According to africanamericanhistorymonth.gov, “(many institutions are) paying tribute to the generations of African Americans who struggled with adversity to achieve full citizenship in American society.” One important member of this civil rights movement — MLK was a member of the executive committee of the National Association for the Advancement of colored people. In early December of 1955, “(he accepted the) leadership of the first great Negro nonviolent demonstration of contemporary times in the United States.” (nobelprize.org). In contrast to MLK’s nonviolent protesting methods, Malcolm X had contrary views. Many accused Malcolm of preaching hate and violence, making claims of the U.S being the harshest in terms of crime against African Americans. History.com stated that X, “challenged the mainstream civil-rights movement and the nonviolent pursuit of integration and he urged followers to defend themselves against white aggression “by any means necessary.” In a survey conducted of 100 Morton East students, 81 said they side with the tactics of MLK and the others side with the tactics of X in their approach of the civil rights movement.  
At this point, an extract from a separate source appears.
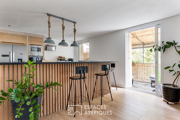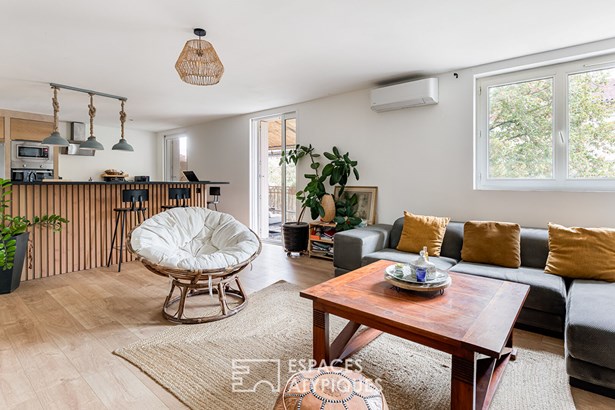 The immediate environment benefits from the proximity of shops, schools and transport, just a few minutes from Toulouse city center. This reverse duplex combines comfort and modernity. Its atypical side and its warm atmosphere make it a unique address, designed for urban life close to all amenities.

“I did have knowledge on the MLK and the civil rights movement, although I did hear about Malcolm X, I believe the approach of nonviolence that MLK had was better because I personally think nonviolence is the most ideological approach to achieve something even though the issue of civil rights in the 1960s was a very extreme and fragile topic to touch on.” Senior Adrian Sanchez said. 

At Morton East, if you enroll in AP Language and Composition, you learn about the eloquent and articulate activists or rhetoricians that strategized with a rhetorical speech in order to achieve a certain goal or portray a message on a broader scope, whether it’d be a very subtle or direct message.  

“Back then there was so much oppression and segregation because of the harsh supremacist beliefs Caucasians had. I just think because Caucasians were so negligent to accept African-Americans as equal there had to be some sort of forceful and radical movement like Malcolm x displayed,” senior Jade Fiscal said. 

It really depends on the character of an individual to side with issues such as the civil rights –sometimes it just takes a small fraction of a group to encourage others to join a cause. Many feared being hurt or incarcerated, but others feel pride in standing for what they believe even if caused pain through the process. 

“I certainly believe it took dignity and courage for African-Americans to stand for what was their unalienable rights, but also it took courage for some Caucasians to stand alongside them in protest because they also believed in the equality for all man. Not to forget that Caucasians who supported the African-Americans were viewed absurdly,” Morton East alumnus Jose Moreno said. 

It’s remarkably overwhelming to realize two African-Americans of courage whom well embodied the entity of the civil rights movement.  The single and only time MLK and X met, was March 26, 1964, on Capitol Hill, attending Senate debate on the Civil Rights Act of 1964. On this day MLK stated, “He (Malcolm X) is very articulate, but I totally disagree with many of his political and philosophical views – at least insofar as I understand where he now stands.” 

“Well, it’s not surprising that MLK felt X’s views were incorrect. Sometimes there is a need for two different perspectives on an issue to combat that that oppression and inequality from different angles,” sophomore Giovanni Velasquez said. 

Certainly, we can’t forget those in history that came before MLK and X who inspired them to preach and pursue the message of equality. For these people play an equally important role in the achievement of the civil rights movement. 

“I can’t believe how over the years the power of unity amongst minority groups who are oppressed have been capable of achieving great things that possibly seemed unfeasible. It’s great to see more educated people on their rights nowadays. It really does instill power in the mind and makes them more willing to speak on the wrongs of society,” junior Anthony Medina said.